[Records for the exercise]
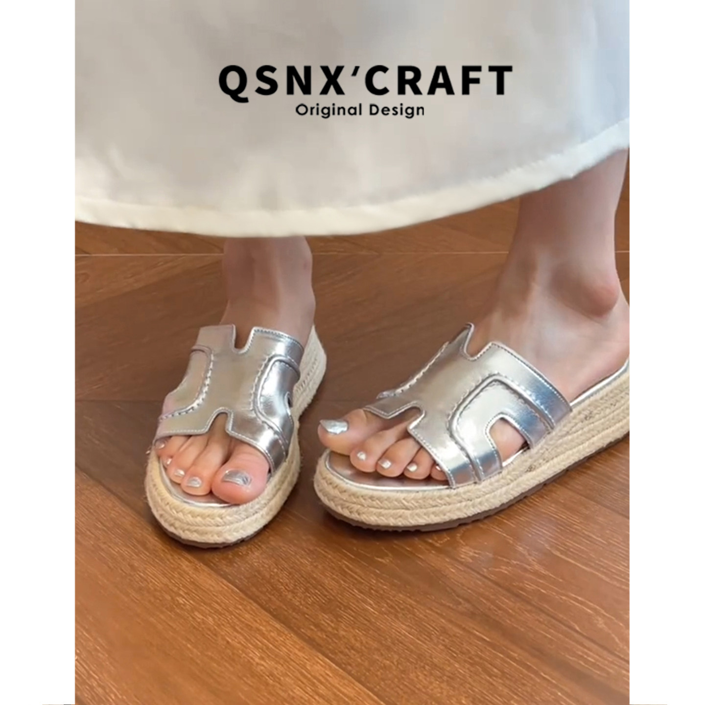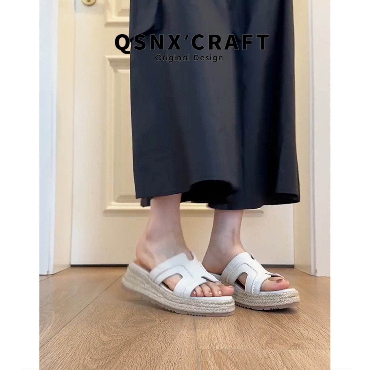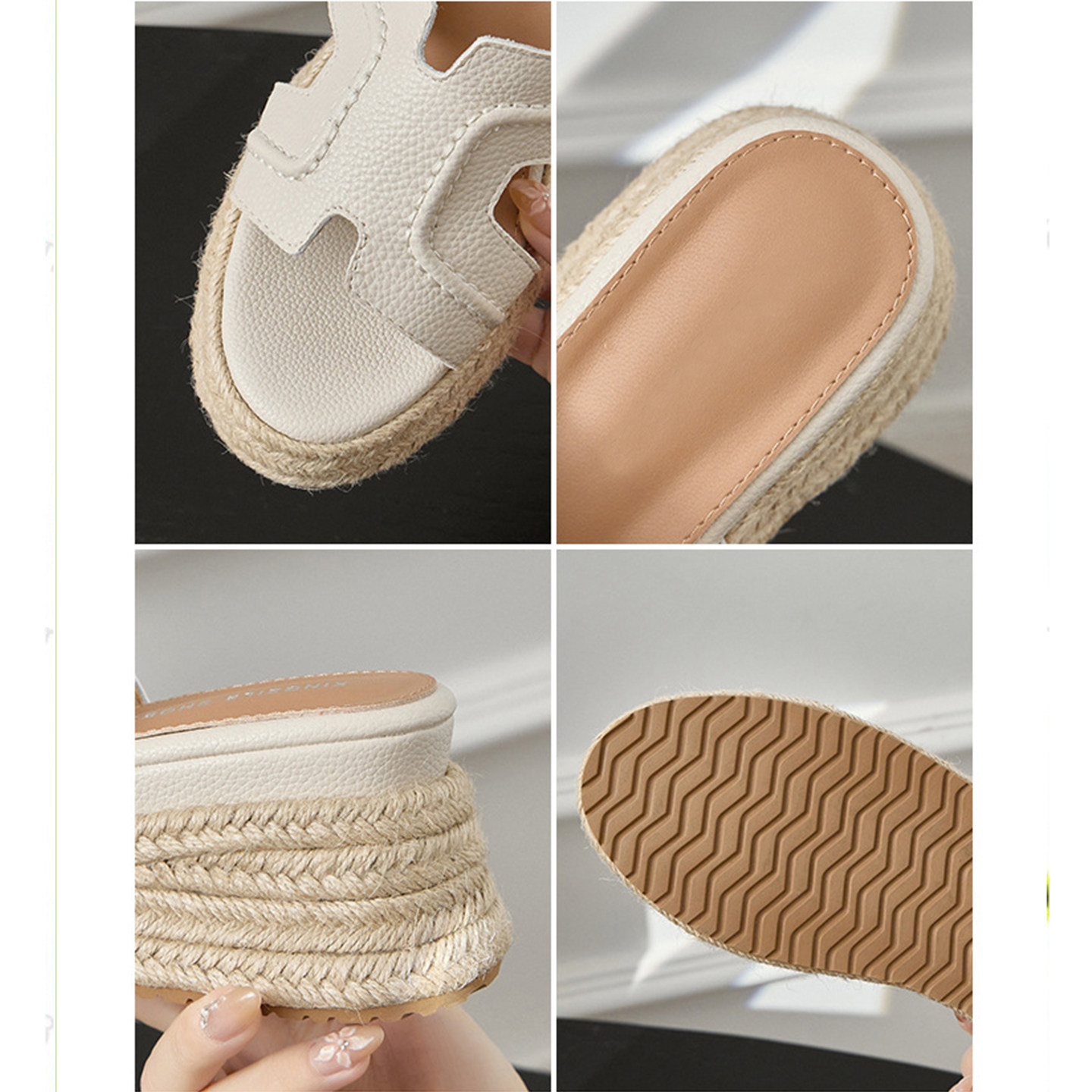 牛皮版~草编一字拖鞋女2026新款夏外穿厚底松糕鞋休闲露趾凉拖鞋
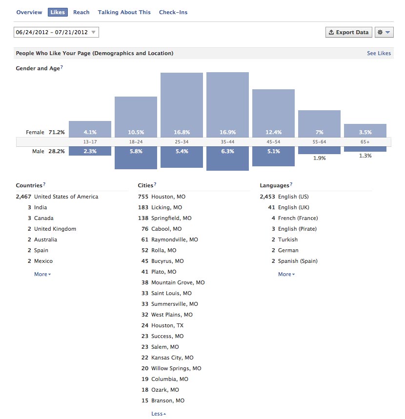 Facebook Insights (the built-in analytics) can let brands know who they’re reaching. In the case of the Houston Herald, the fans of the page are 71.2% female and 28.2% male. Click the screen grab to see how that breaks down by age, and also where the fans are geographically.
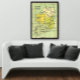An antique atlas page with a vintage map of the country of Ireland as it was between the years 1602-1714. I enhanced the colors a bit and put it on a black background that acts as a built in frame.
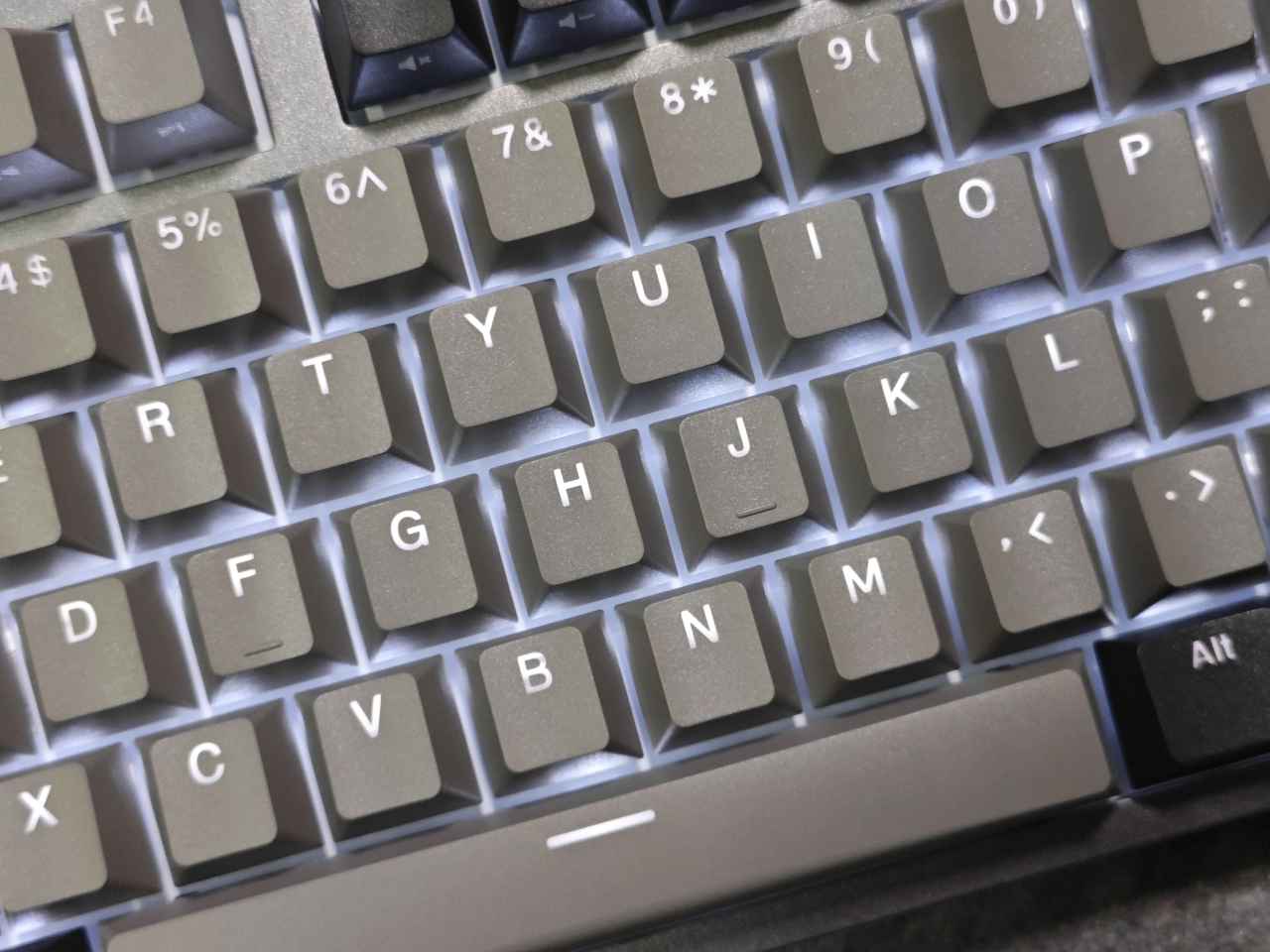 K320的鍵帽采用原廠高度的PBT雙色閉口字體鍵帽,并且為字符透光的設(shè)計(jì),鍵帽為黑色+深灰的組合,非常高級(jí),并且是我最喜歡的原廠高度,打字體驗(yàn)非常舒服。
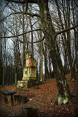 Wieża widokowa została wysadzona w powietrze przez wojska niemieckie jeszcze w początkach pierwszej wojny światowej (1914), aby zlikwidować dogodny dla Rosjan punkt obserwacyjny. Po I wojnie światowej postawiono natomiast naprzeciw strzelnicy, po drugiej stronie największego stawu karpiowego pomnik poświęcony poległym żołnierzom niemieckim z 82 Królewskiego Pułku Artylerii Polowej. Pomnik przedstawiał na wysokim prostopadłościennym cokole dwóch przykucniętych artylerzystów. Autorem jego był artysta z Pieniężna – Georg Fugh.
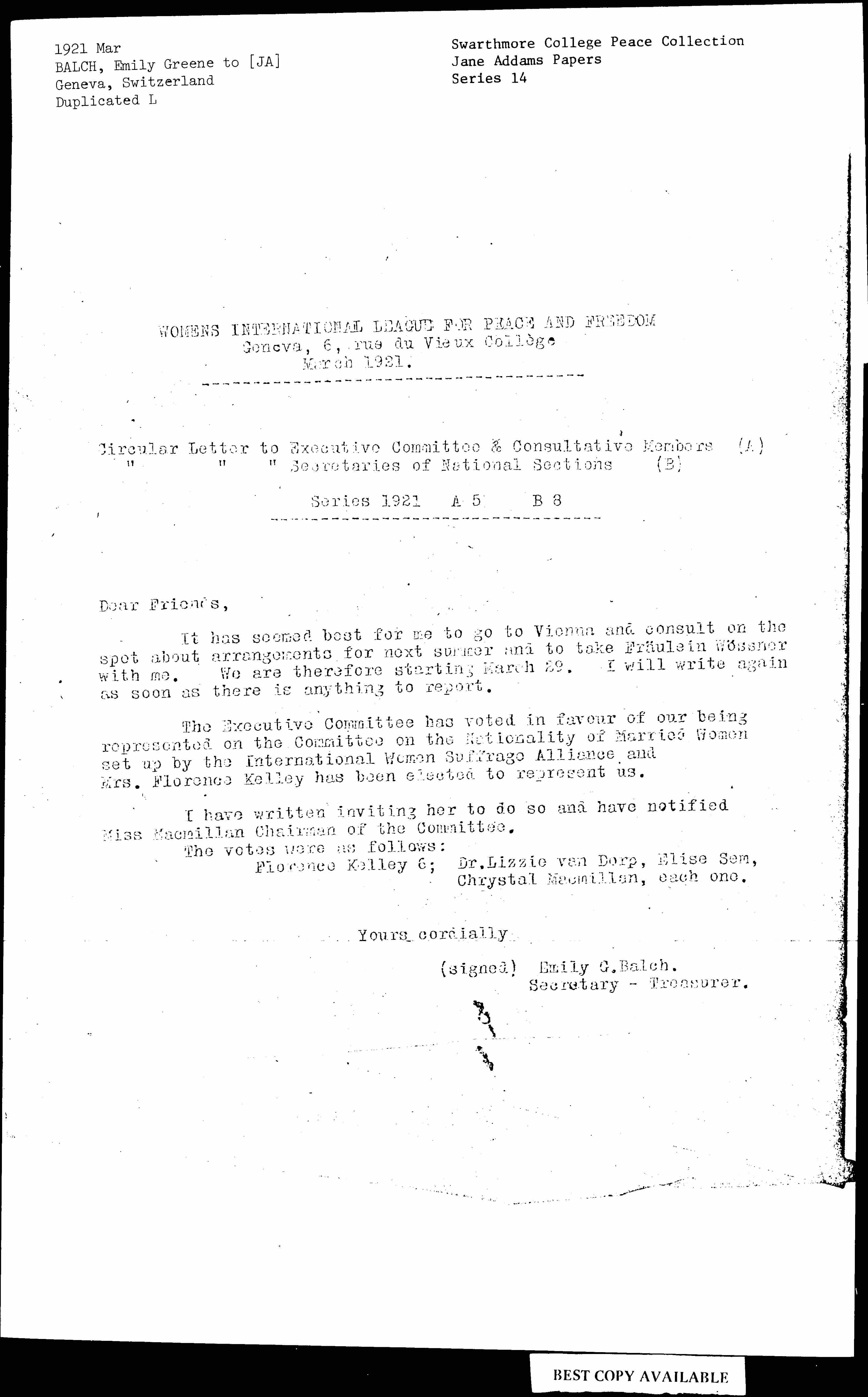 (signed) Emily G. Balch.

[Exercise] Please copy every entry exactly, without the pictures.

[Solution to this task]
 牛皮版~草编一字拖鞋女2026新款夏外穿厚底松糕鞋休闲露趾凉拖鞋
 Facebook Insights (the built-in analytics) can let brands know who they’re reaching. In the case of the Houston Herald, the fans of the page are 71.2% female and 28.2% male. Click the screen grab to see how that breaks down by age, and also where the fans are geographically.
An antique atlas page with a vintage map of the country of Ireland as it was between the years 1602-1714. I enhanced the colors a bit and put it on a black background that acts as a built in frame.
 K320的鍵帽采用原廠高度的PBT雙色閉口字體鍵帽,并且為字符透光的設(shè)計(jì),鍵帽為黑色+深灰的組合,非常高級(jí),并且是我最喜歡的原廠高度,打字體驗(yàn)非常舒服。
 Wieża widokowa została wysadzona w powietrze przez wojska niemieckie jeszcze w początkach pierwszej wojny światowej (1914), aby zlikwidować dogodny dla Rosjan punkt obserwacyjny. Po I wojnie światowej postawiono natomiast naprzeciw strzelnicy, po drugiej stronie największego stawu karpiowego pomnik poświęcony poległym żołnierzom niemieckim z 82 Królewskiego Pułku Artylerii Polowej. Pomnik przedstawiał na wysokim prostopadłościennym cokole dwóch przykucniętych artylerzystów. Autorem jego był artysta z Pieniężna – Georg Fugh.
 (signed) Emily G. Balch.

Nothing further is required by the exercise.